On 05/14, Andrii Nakryiko wrote:
> On Thu, May 14, 2020 at 10:33 AM <sdf@google.com> wrote:
> >
> > On 05/13, Andrii Nakryiko wrote:

[...]

> > > + * void bpf_ringbuf_submit(void *data)
> > > + *   Description
> > > + *           Submit reserved ring buffer sample, pointed to by  
> *data*.
> > > + *   Return
> > > + *           Nothing.
> > Even though you mention self-pacing properties, would it still
> > make sense to add some argument to bpf_ringbuf_submit/bpf_ringbuf_output
> > to indicate whether to wake up userspace or not? Maybe something like
> > a threshold of number of outstanding events in the ringbuf after which
> > we do the wakeup? The default 0/1 preserve the existing behavior.
> >
> > The example I can give is a control plane userspace thread that
> > once a second aggregates the events, it doesn't care about millisecond
> > resolution. With the current scheme, I suppose, if BPF generates events
> > every 1ms, the userspace will be woken up 1000 times (if it can keep
> > up). Most of the time, we don't really care and some buffering
> > properties are desired.

> perf buffer has setting like this, and believe me, it's so confusing
> and dangerous, that I wouldn't want this to be exposed. Even though I
> was aware of this behavior, I still had to debug and work-around this
> lack on wakeup few times, it's really-really confusing feature.

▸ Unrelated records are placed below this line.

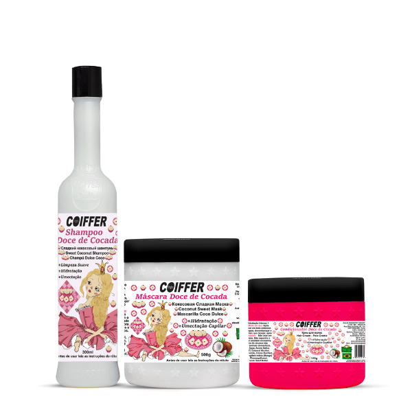 O Kit Doce de Cocada Coiffer tem como finalidade uma hidratação Intensa + umectação, ajuda a manter a hidratação natural dos fios restaurando a camada lipídica, nutrindo, doando brilho e melhorando a textura dos fios.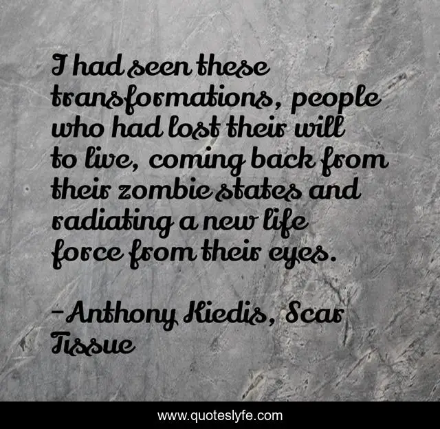 This page presents the quote "I had seen these transformations, people who had lost their will to live, coming back from their zombie states and radiating a new life force from their eyes.". Author of this quote is Anthony Kiedis, Scar Tissue. This quote is about transformation, will-to-live,.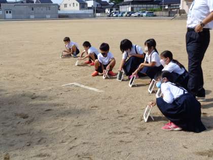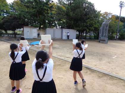 太陽の光を鏡ではね返したり重ねたりして、温度を確かめました。光が集まっているところを触って、温かくなっていることに気付きました。的から離れて、遠くから跳ね返している子もいました。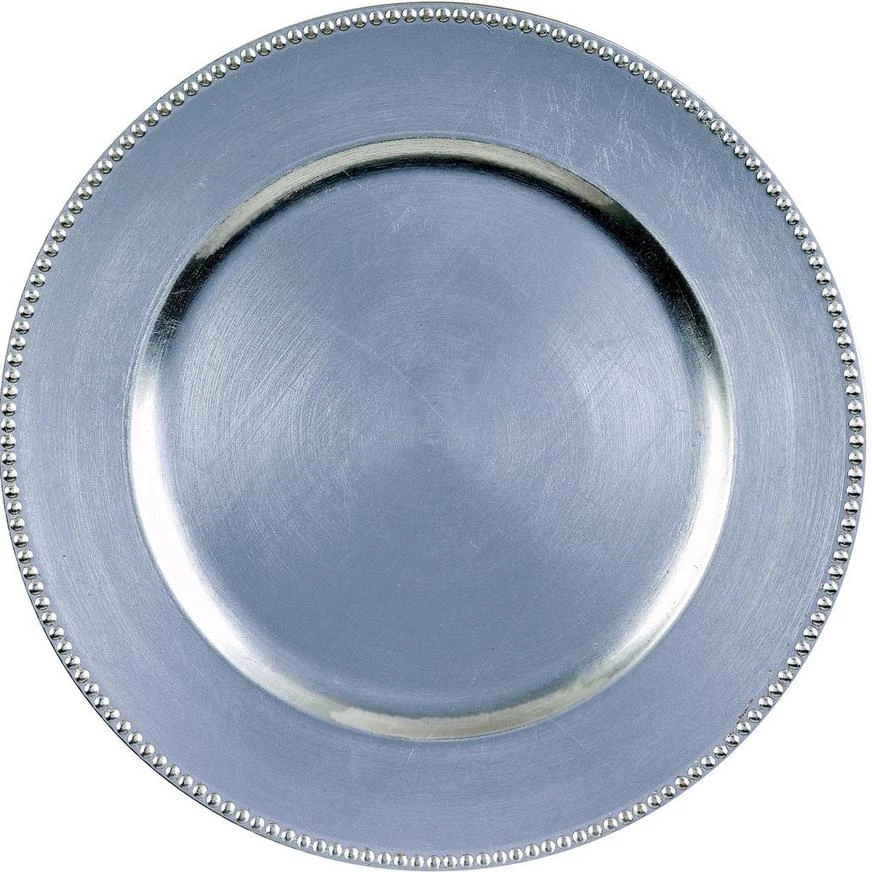 Silver Premium Plastic Chargers are a quick and easy way to dress up your place settings. They feature a silver sheen and an elegant dotted border, bringing a luxe look to any table.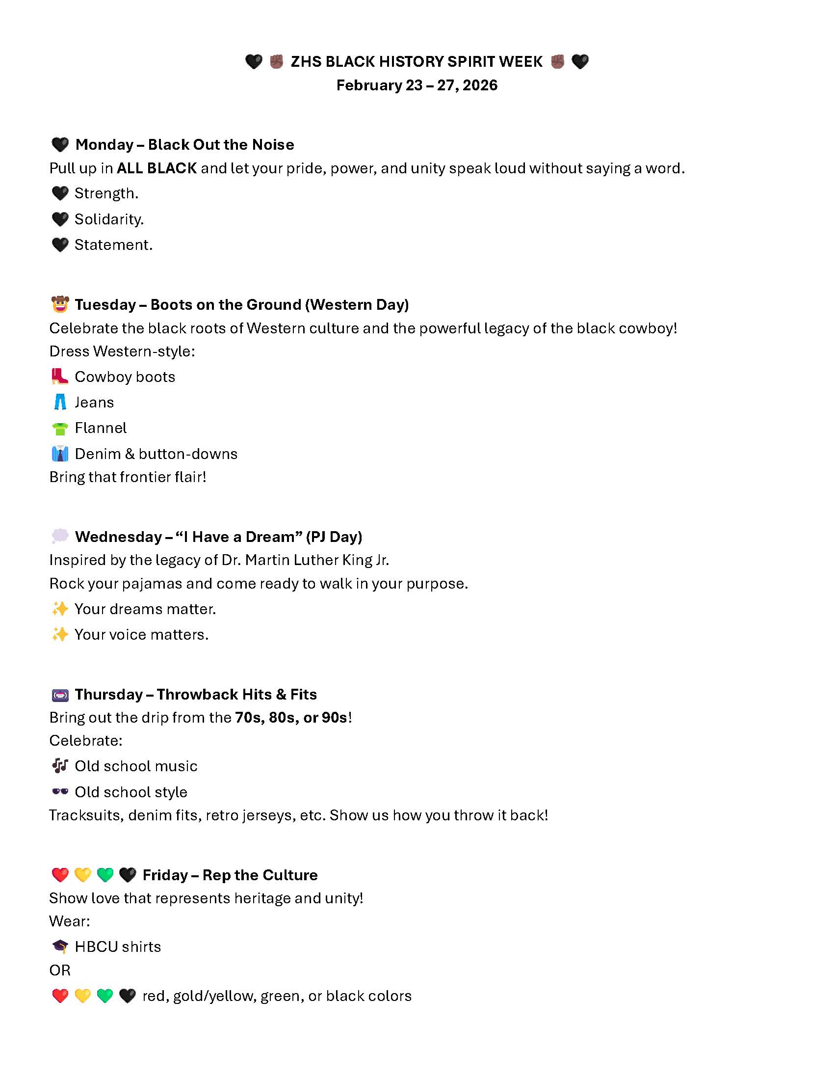 Black History Spirit Week

> In your case, though, why wouldn't user-space poll data just once a
> second, if it's not interested in getting data as fast as possible?
If I poll once per second I might lose the events if, for some reason,
there is a spike. I really want to have something like: "wakeup
userspace if the ringbuffer fill is over some threshold or
the last wakeup was too long ago". We currently do this via a percpu
cache map. IIRC, you've shared on lsfmmbpf that you do something like
that as well.

So I was thinking how I can use new ringbuff to remove the unneeded
copies and help with the reordering, but I'm a bit concerned about
regressing on the number of wakeups.

Maybe having a flag like RINGBUF_NO_WAKEUP in bpf_ringbuf_submit()
will suffice? And if there is a helper or some way to obtain a
number of unconsumed items, I can implement my own flushing policy.